– Честно признаться, я ужасно волновалась за тебя. Про Сад наслаждений я слышала разное и боялась, что тебя там могут обидеть. – Рука сжала ладонь еще крепче. – Будто бы у царевича в покоях оргии не прекращаются ни на минуту, там творятся ужасные и грязные вещи, и им самим движет только похоть. А ты, мой нежный цветок, чиста, как предрассветная роса, и не хотелось бы мне узнать, что какой-то баловень хочет над тобой надругаться!
Мила высвободила руку из почти стальной хватки Алконост и дотронулась до запястья подруги в знак благодарности.
– Мой визит потому и продлился недолго. Как я и сказала, мне кажется, у нас мало общего с царевичем. Увидела его настоящего, мне стало страшно, и я сбежала, как трусиха. Да что уж там – я и есть трусиха. Еще и глупая ко всему, думала, что семья, брак должны строиться на взаимном уважении, на доверии друг другу и, даже если будущие муж и жена очень разные, трепетное отношение и нежность непременно приведут к влюбленности.

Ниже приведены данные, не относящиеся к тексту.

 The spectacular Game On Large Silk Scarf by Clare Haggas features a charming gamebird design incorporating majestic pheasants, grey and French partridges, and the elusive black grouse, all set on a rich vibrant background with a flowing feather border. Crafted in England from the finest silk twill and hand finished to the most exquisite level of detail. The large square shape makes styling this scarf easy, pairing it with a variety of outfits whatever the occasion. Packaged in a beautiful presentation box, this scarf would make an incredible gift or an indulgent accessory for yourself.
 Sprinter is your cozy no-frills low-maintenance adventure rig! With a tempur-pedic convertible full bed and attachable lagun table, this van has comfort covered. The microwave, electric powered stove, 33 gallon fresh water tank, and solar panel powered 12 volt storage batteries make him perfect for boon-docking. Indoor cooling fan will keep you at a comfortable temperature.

– Я тоже в это верила. – Алконост качала головой из стороны в сторону и смотрела на княжну, но взгляд белокурой птицы был устремлен то ли куда-то вдаль, то ли внутрь, в самую глубину. – Только вот, видимо, это все сказки, которыми любят обманываться недалекие барышни вроде нас с тобой.

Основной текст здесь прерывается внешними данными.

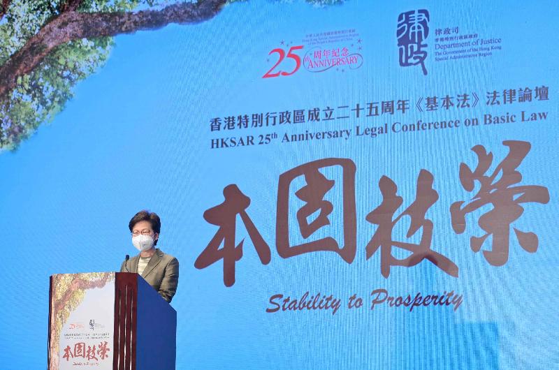 香港特區行政長官林鄭月娥出席香港回歸25周年基本法法律論壇。圖源:香港特區政府網站 林鄭月娥表示,香港特區自成立以來,總體順暢,成績斐然。要認識基本法,必須回到“一國兩制”的初心。她堅定相信,唯有根據憲法和基本法辦事,依靠中央,維護國家安全,才能確保香港的繁榮穩定。 國務院港澳辦副主任王靈桂在視頻致辭中指出,“一國兩制”是中國共產黨百年奮斗歷史的重要篇章,基本法為“一國兩制”在香港特區的實踐提供了法律保障,奠定了香港繁榮穩定的基石。25年來,“一國兩制”實踐取得了舉世公認的成功。未來5年,是香港從“由亂到治”走向“由治及興”的關鍵時期,要堅定不移走“一國兩制”正確道路,確保基本法全面準確實施。 中央政府駐港聯絡辦副主任陳冬在視頻致辭中指出,全面準確落實基本法,必須堅守“一國”原則。回歸25年來,基本法的貫徹實施維護了國家主權、安全、發展利益,維護了中央對港全面管治權。針對一個時期“反中亂港”活動猖獗,中央審時度勢、果斷出手,通過一系列標本兼治的舉措,牢牢守住了“一國”底線,確保“一國兩制”實踐始終沿著正確方向前進。 陳冬續指,全面準確落實基本法,必須充分發揮“兩制”優勢。25年來,香港經濟保持平穩發展,各項社會事業邁上新台階。香港只要堅守“一國”之本,善用“兩制”之利,更好融入國家發展大局,就一定能有效應對各種風險挑戰,續寫“一國兩制”實踐的新篇章。陳冬強調,要始終堅定制度自信,堅定維護憲法和基本法確定的憲制秩序,完善特別行政區同憲法和基本法實施相關的制度和機制,持續加強憲法和基本法教育,推動“一國兩制”實踐行穩致遠。 外交部駐港公署特派員劉光源、解放軍駐港部隊副政治委員王兆兵、全國人大常委會香港基本法委員會副主任譚惠珠,及香港特區終審法院首席法官張舉能、律政司司長鄭若驊、立法會主席梁君彥等出席。全國人大常委會香港基本法委員會主任沈春耀、全國港澳研究會會長鄧中華視頻發表主題演講。 【編輯:馬華】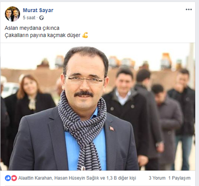 UTAŞ çalışanı trolün “Aslan meydana çıkınca çakallara kaçmak düşer” şeklinde önde Cahan’ın arkada ise tptpmontajlı bir şekilde bir belediye meclis üyesinin fotosunun konması ise tepkilere neden oldu. Bu paylaşımla Belediye başkan aday aylarına ve özellikle meclis üyesi başkan aday adayına gönderme yapıldığı iddia ediliyor.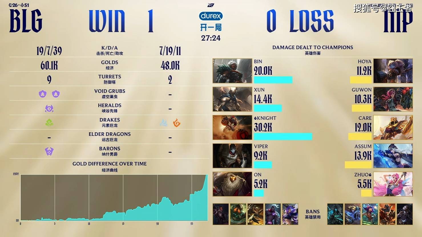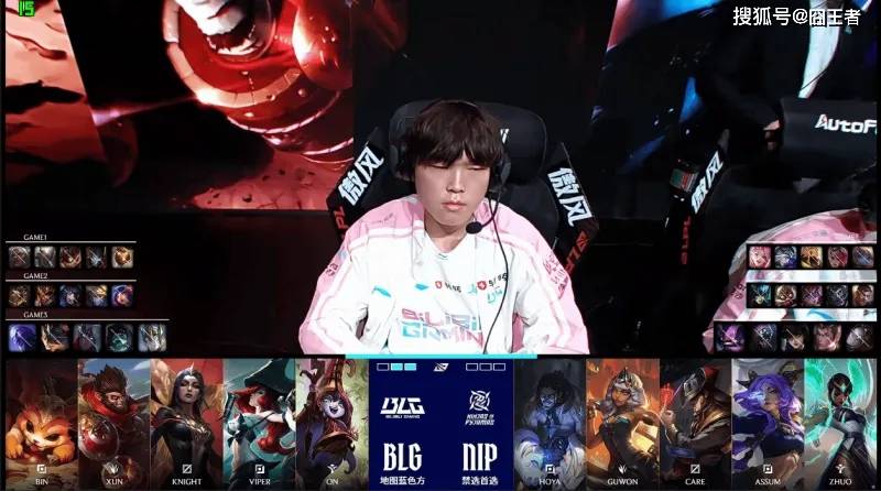 第一局比赛,BLG蓝色方,禁用:芸阿娜;韦鲁斯;鳄鱼;泰坦;卢锡安,选用:Bin狼母;Xun潘森;Knight炸弹人;Viper烬;ON巴德;NIP红色方,禁用:发条;兰博;妮蔻;伊泽瑞尔;卡莉斯塔,选用:HOYA波比;Guwon蔚;Care沙皇;Assum寒冰;Zhuo萨勒芬妮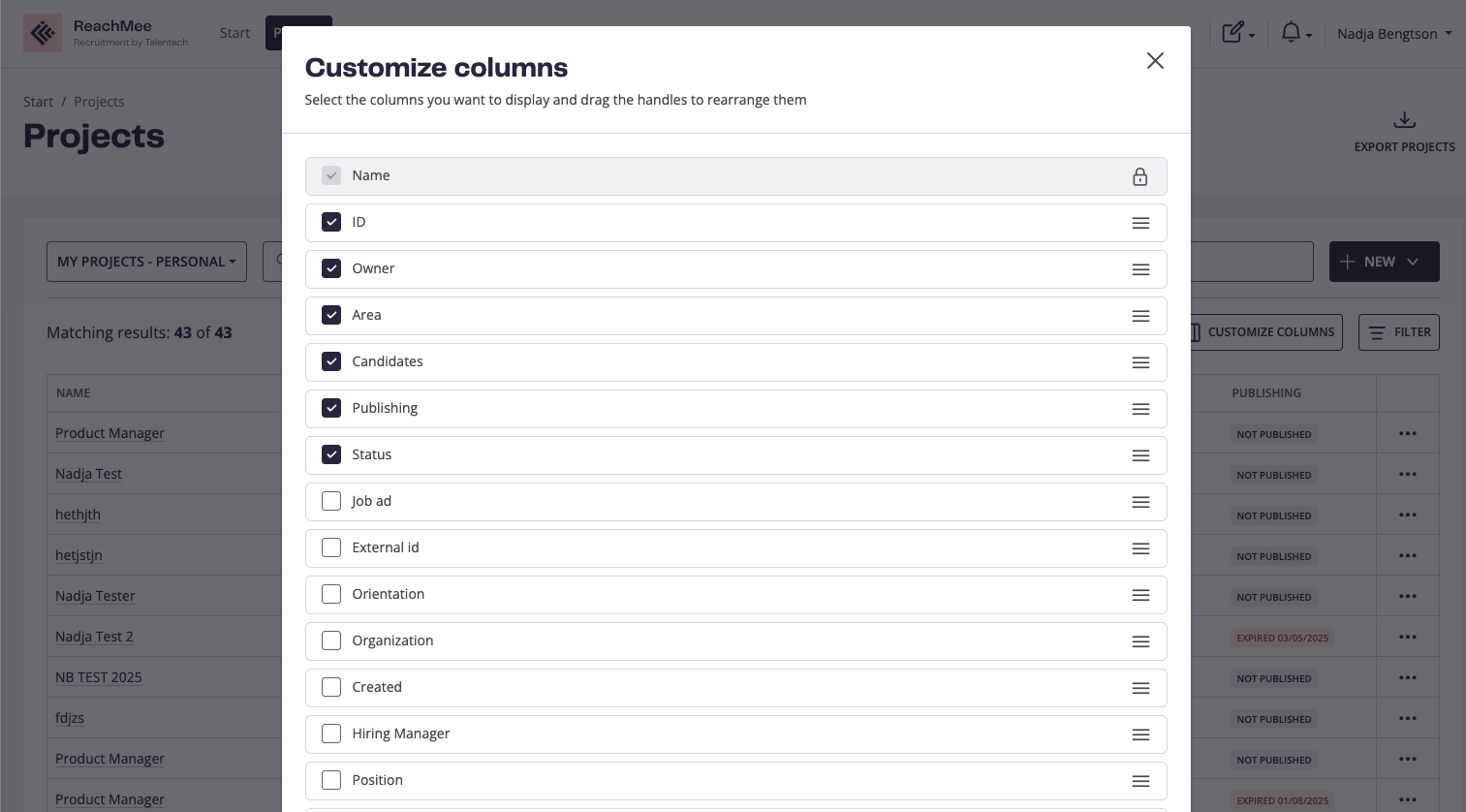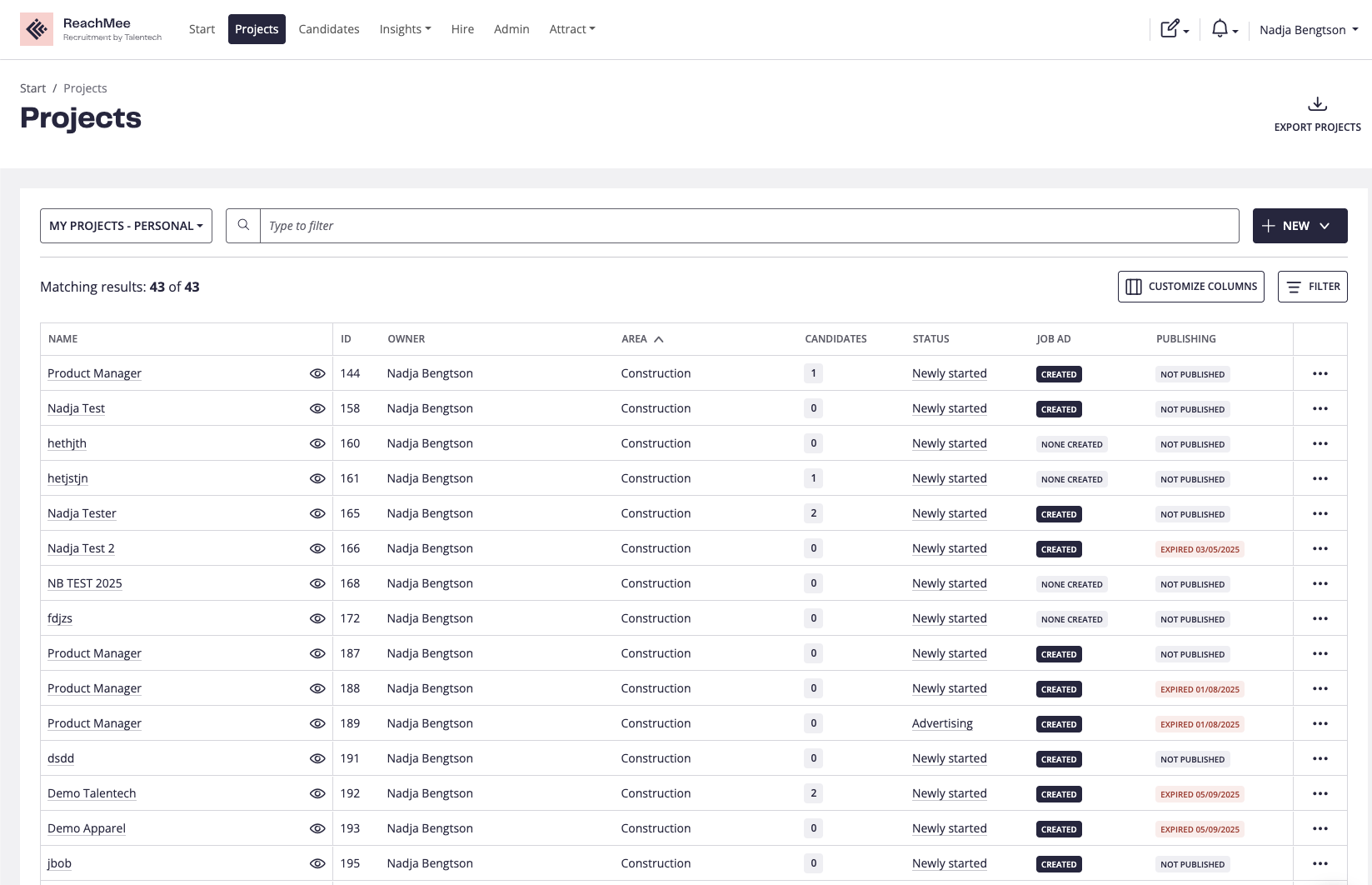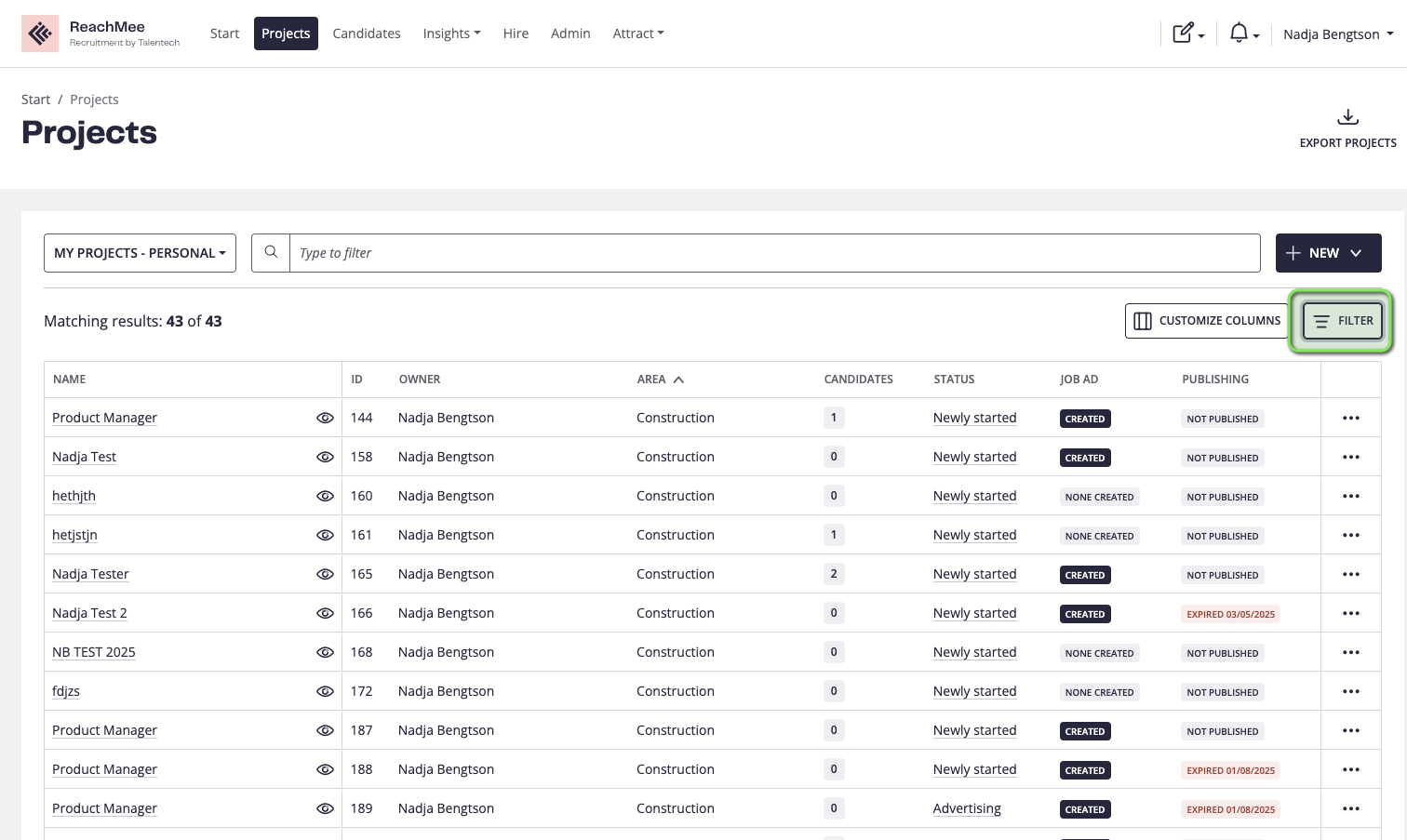Projektlistan ger dig en vy över alla projekt som finns, samt ger dig möjlighet att skapa nya projekt, få en snabb överblick, filtrera, söka och hitta vad du behöver i ReachMee.

– Ты когда-нибудь любила? По-настоящему, как пишут в книгах? – Мила наклонила голову, всматриваясь в ставшие похожими на стеклянные шарики очи Алконост. Та моргнула несколько раз, будто пытаясь сбросить окутавшую ее пелену тревоги, поймала взгляд подруги и сказала: – Иногда мне кажется, что лучше бы не любила. – Она нервно провела ладонями по лицу, собрала волосы в тугой хвост, аккуратно опустила копну кудрей на левое плечо и стала гладить пшеничные локоны, нащупывая кончики и подкручивая их. – Это долгая история. Ты никуда не торопишься?
– Что ты, даже если бы боги призвали меня к себе сейчас, я попросила бы подождать, пока ты не расскажешь мне все.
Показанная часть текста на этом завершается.